Exploring two spaces with one feature: kernelized multidimensional modeling of visual alphabets

  • Authors:
  • Miriam Redi;Bernard Merialdo

  • Affiliations:
  • EURECOM, Sophia Antipolis, Sophia-Antipolis;EURECOM, Sophia Antipolis, Sophia-Antipolis

  • Venue:
  • Proceedings of the 2nd ACM International Conference on Multimedia Retrieval
  • Year:
  • 2012

Quantified Score

Hi-index 0.00

Visualization

Abstract

Marginal Alphabets (MEDA) were proposed as an alternative to Bag of Words (BoW) for image representation. They aggregate sets of locally extracted descriptors (LEDs) by using visual alphabets based on the marginal approximation of the LED components. Compared to the exponential complexity of the BoW codebooks, the MEDA model is very efficient because each dimension of the LED is quantized independently. However, MEDA lacks of considering the relations between the LED components, loosing precious information for image representation. In this paper, we design Multi-MEDA, a shift-invariant kernel for MEDA signatures that allows to reintroduce, at a kernel level, the connections between LED components that were broken with the independent quantization.

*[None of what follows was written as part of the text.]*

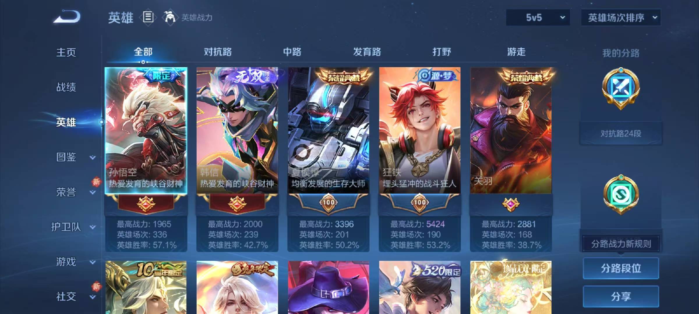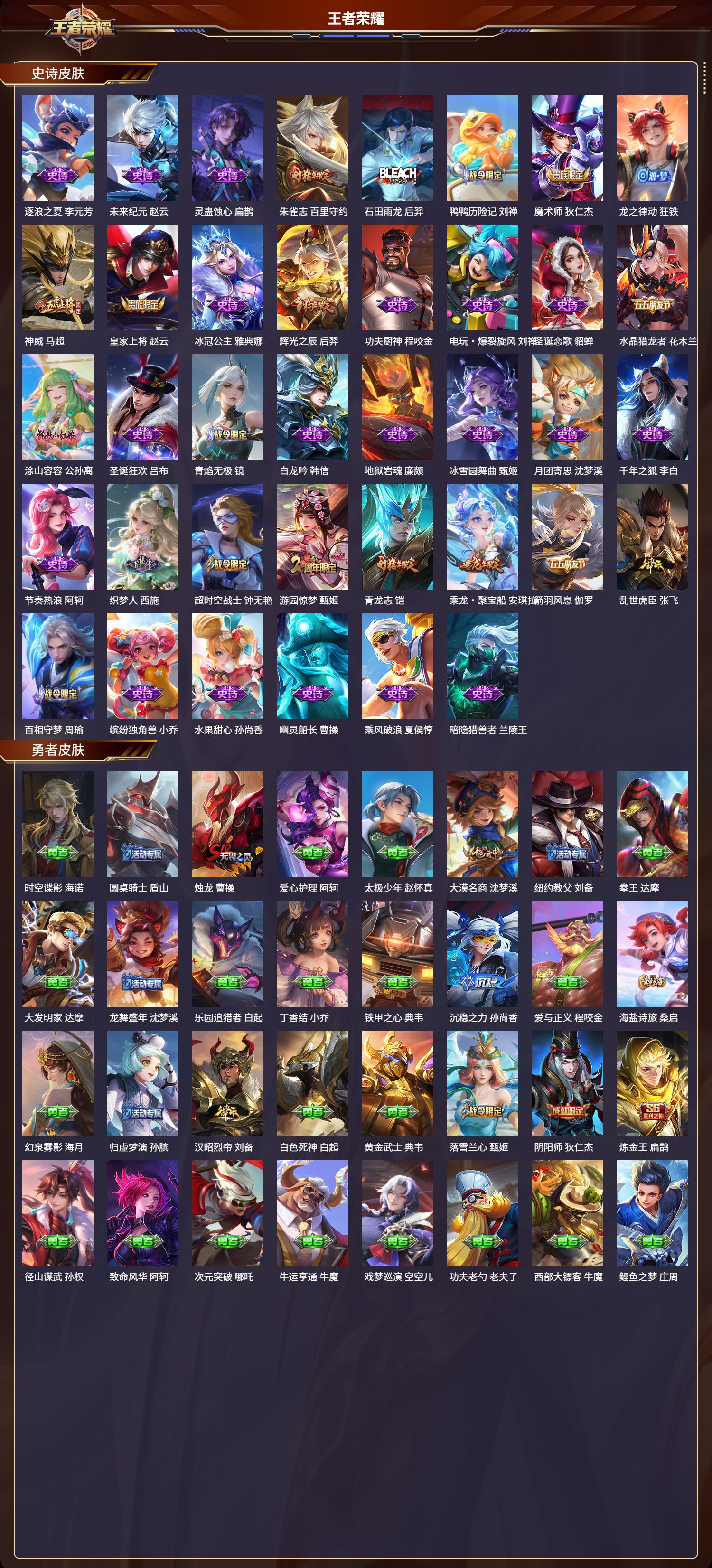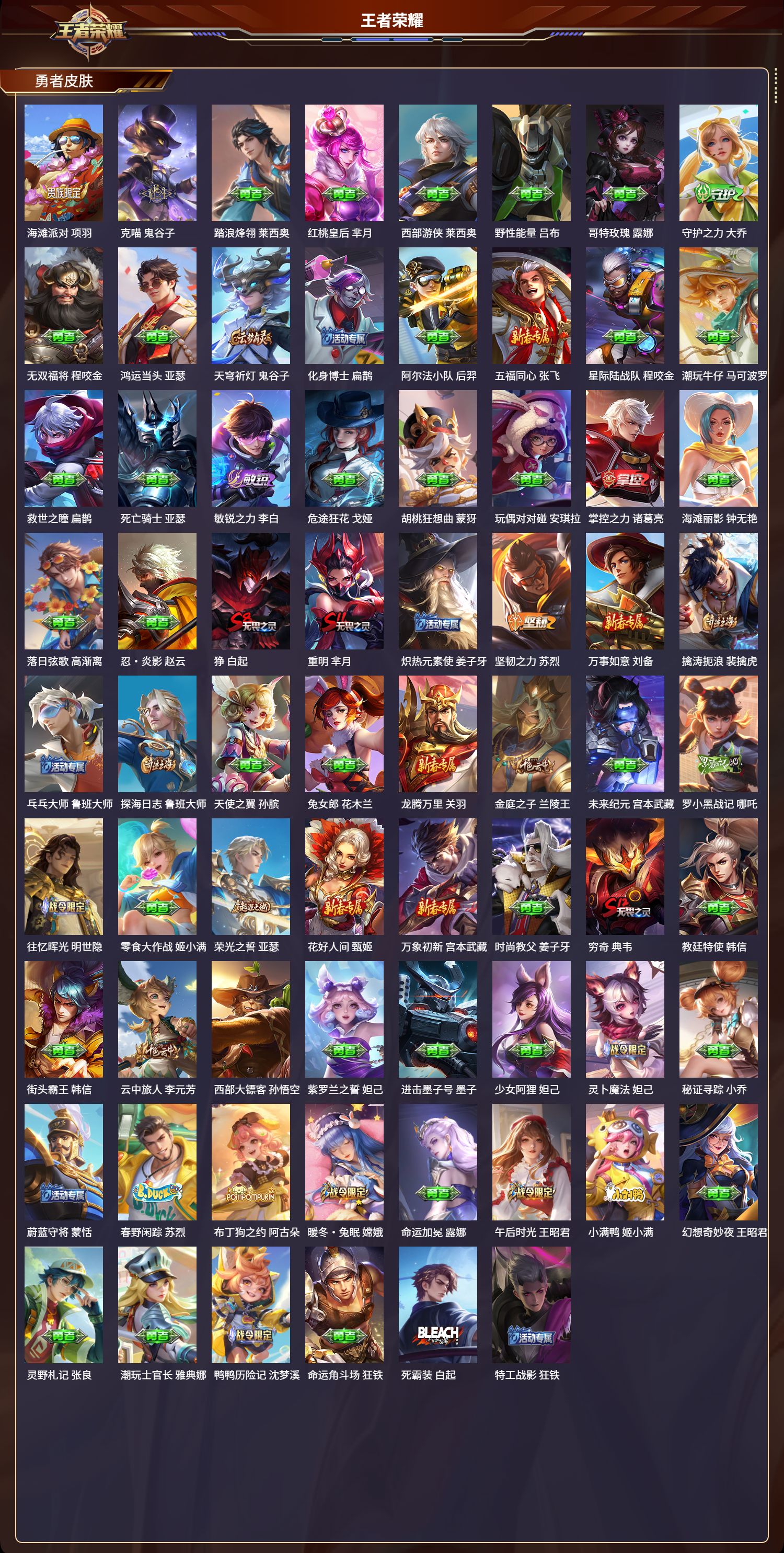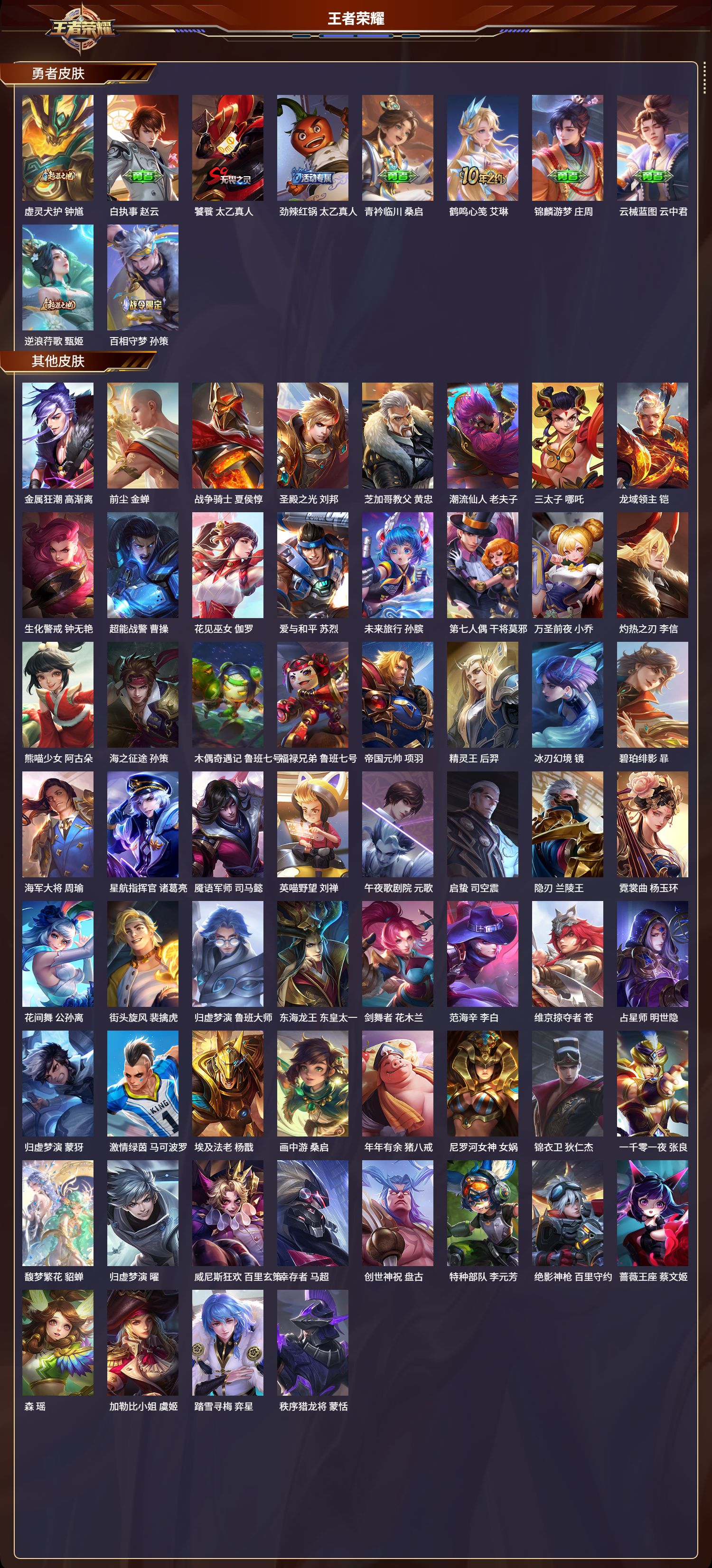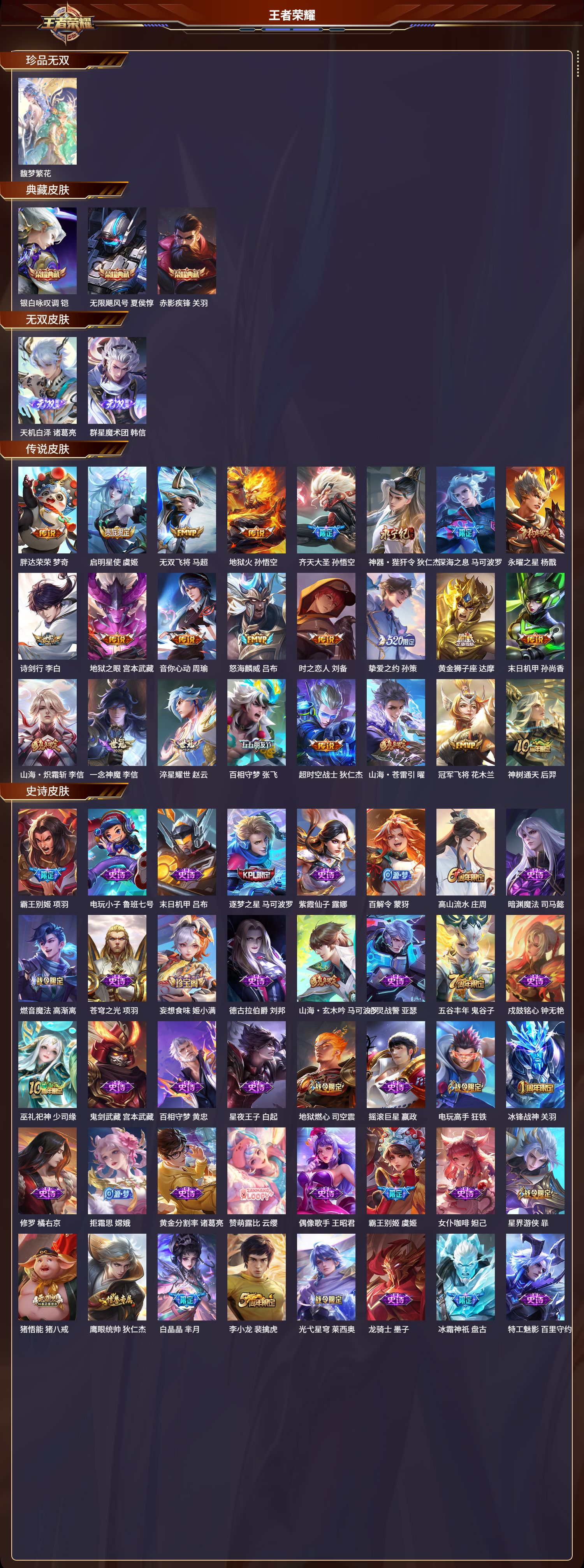 安卓qq/荣耀王者/289皮肤/127英雄/3典藏/1珍品无双/2无双/0珍品传说/24传说/78史诗/9稀有英雄【1 珍品无双】馥梦繁花【3 典藏皮肤】银白咏叹调 铠无限飓风号 夏侯惇赤影疾锋 关羽【2 无双皮肤】天机白泽 诸葛亮群星魔术团 韩信【24 传说皮肤】胖达荣荣 梦奇启明星使 虞姬无双飞将 马超地狱火 孙悟空齐天大圣 孙悟空神器·狴犴令 狄仁杰

With our approach, we can derive in a polynomial time a multivariate model from the marginal approximations stored in the MEDA vector, without explicitly computing any multidimensional codebook. Results show that the MEDA signature increases its discriminative power when analyzed through the Multi-MEDA kernel evaluation. Moreover, we show that the model generated my the Multi-MEDA-based learning brings complementary information compared to traditional kernels over MEDA and BoW signatures: our experiments on the TRECVID database show that the combination of these approaches brings a substantial improvment compared to BoW-only classification.